*Data for analysis:*

* * * *

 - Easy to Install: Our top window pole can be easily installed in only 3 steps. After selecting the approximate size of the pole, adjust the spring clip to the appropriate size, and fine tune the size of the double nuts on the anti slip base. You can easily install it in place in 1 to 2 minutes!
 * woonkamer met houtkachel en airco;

* * * *

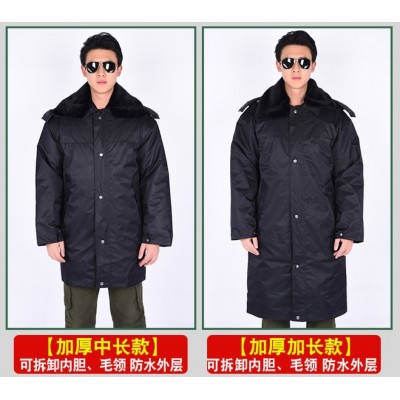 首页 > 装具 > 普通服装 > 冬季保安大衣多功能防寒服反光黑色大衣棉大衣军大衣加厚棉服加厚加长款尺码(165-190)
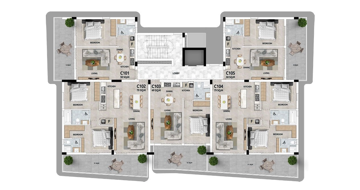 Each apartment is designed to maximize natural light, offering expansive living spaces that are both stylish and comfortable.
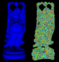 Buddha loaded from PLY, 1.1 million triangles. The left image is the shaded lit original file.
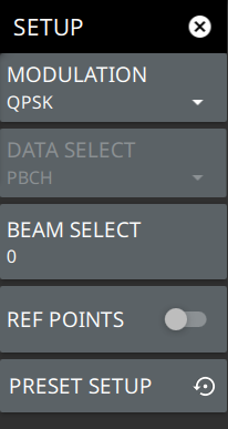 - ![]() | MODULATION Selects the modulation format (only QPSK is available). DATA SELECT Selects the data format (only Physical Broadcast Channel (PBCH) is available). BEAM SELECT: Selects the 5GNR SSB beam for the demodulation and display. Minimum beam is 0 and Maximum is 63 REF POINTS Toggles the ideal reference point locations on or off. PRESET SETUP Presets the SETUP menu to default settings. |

* * * *

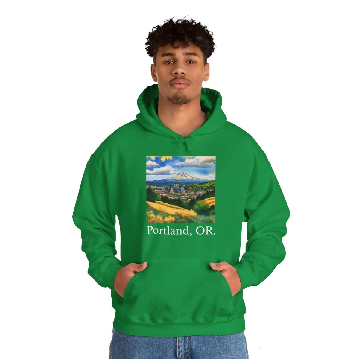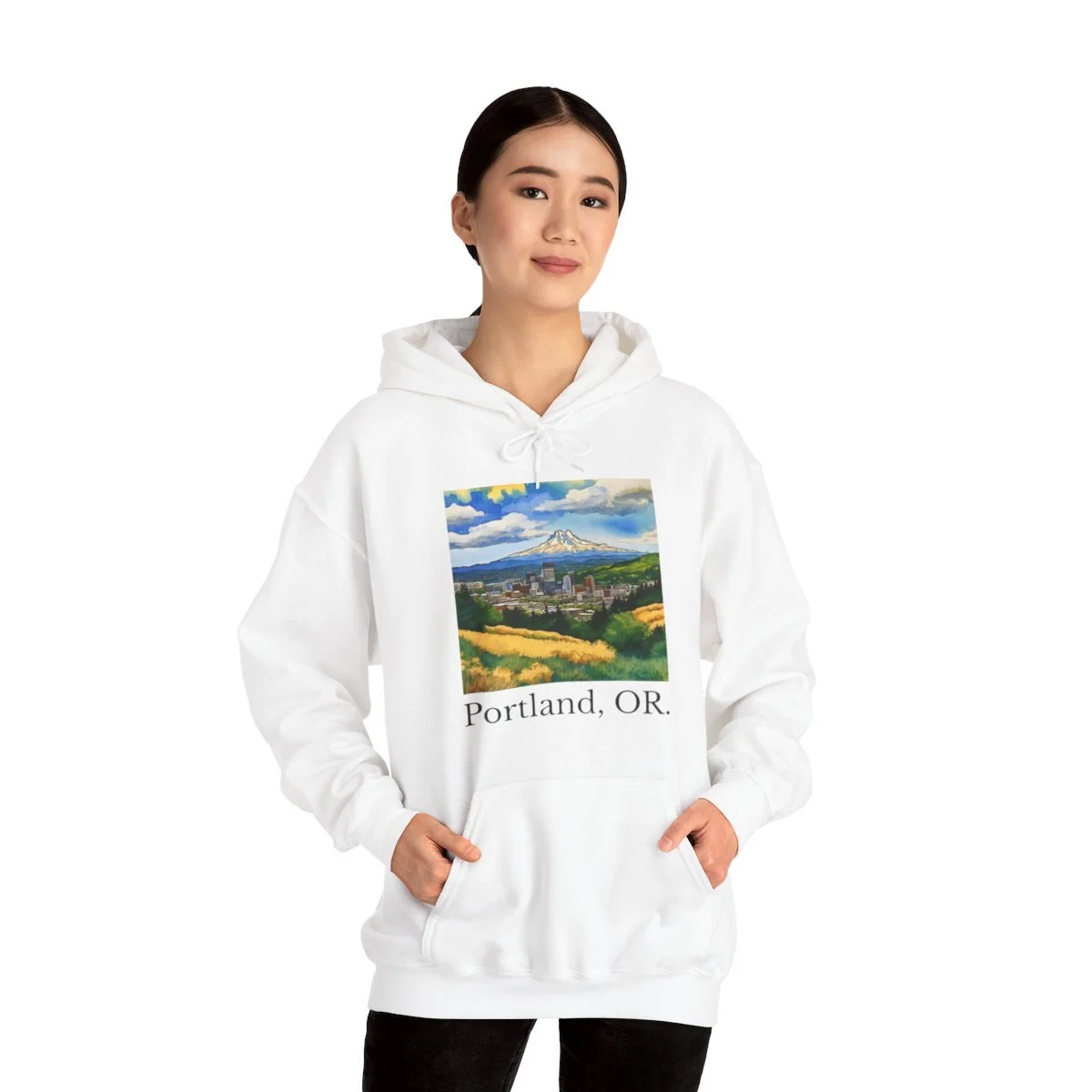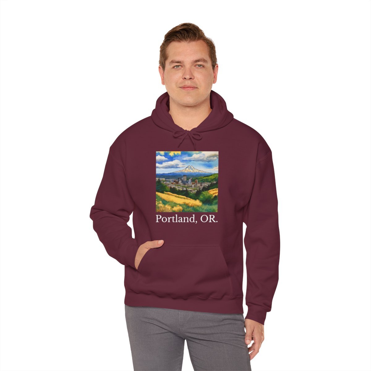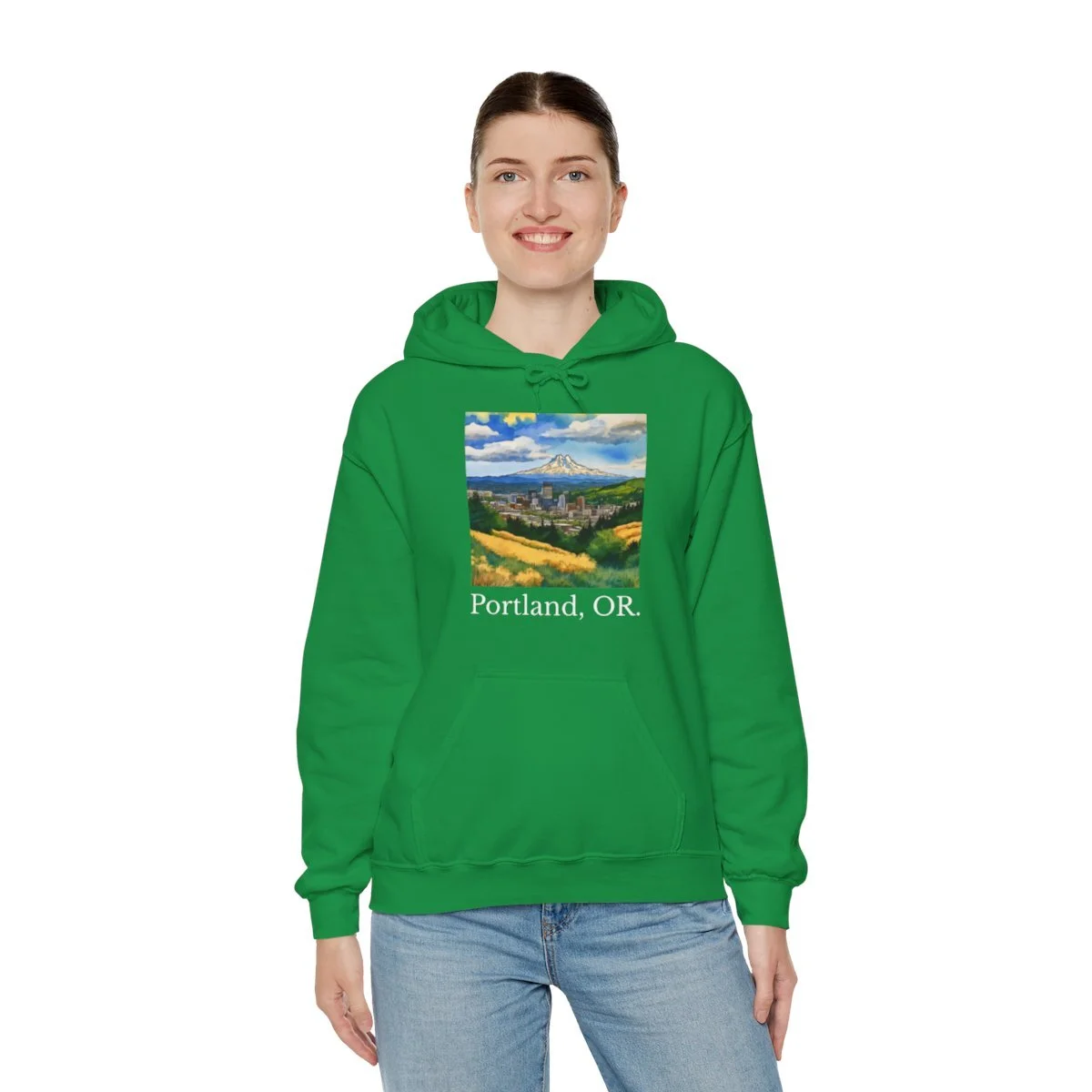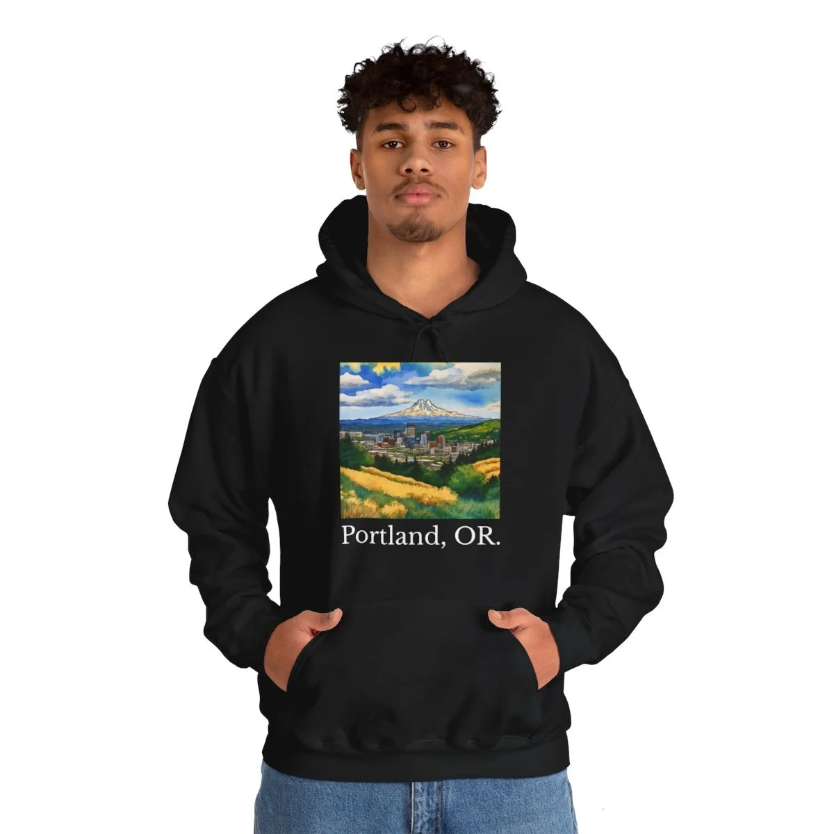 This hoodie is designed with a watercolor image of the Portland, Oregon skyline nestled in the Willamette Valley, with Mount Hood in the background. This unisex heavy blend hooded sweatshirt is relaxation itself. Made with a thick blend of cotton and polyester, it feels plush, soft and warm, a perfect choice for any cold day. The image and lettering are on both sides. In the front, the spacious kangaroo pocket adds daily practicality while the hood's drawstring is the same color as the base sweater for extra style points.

* * * *

*Assignment:* If a picture sits between the line containing "首页 > 装具 > 普通服装" and the line containing "- ![]() | MODULATION", leave it out, and return the lines of that range above exactly, both ends included.

*Solution:*
 首页 > 装具 > 普通服装 > 冬季保安大衣多功能防寒服反光黑色大衣棉大衣军大衣加厚棉服加厚加长款尺码(165-190)
 Each apartment is designed to maximize natural light, offering expansive living spaces that are both stylish and comfortable.
 Buddha loaded from PLY, 1.1 million triangles. The left image is the shaded lit original file.
 - ![]() | MODULATION Selects the modulation format (only QPSK is available). DATA SELECT Selects the data format (only Physical Broadcast Channel (PBCH) is available). BEAM SELECT: Selects the 5GNR SSB beam for the demodulation and display. Minimum beam is 0 and Maximum is 63 REF POINTS Toggles the ideal reference point locations on or off. PRESET SETUP Presets the SETUP menu to default settings. |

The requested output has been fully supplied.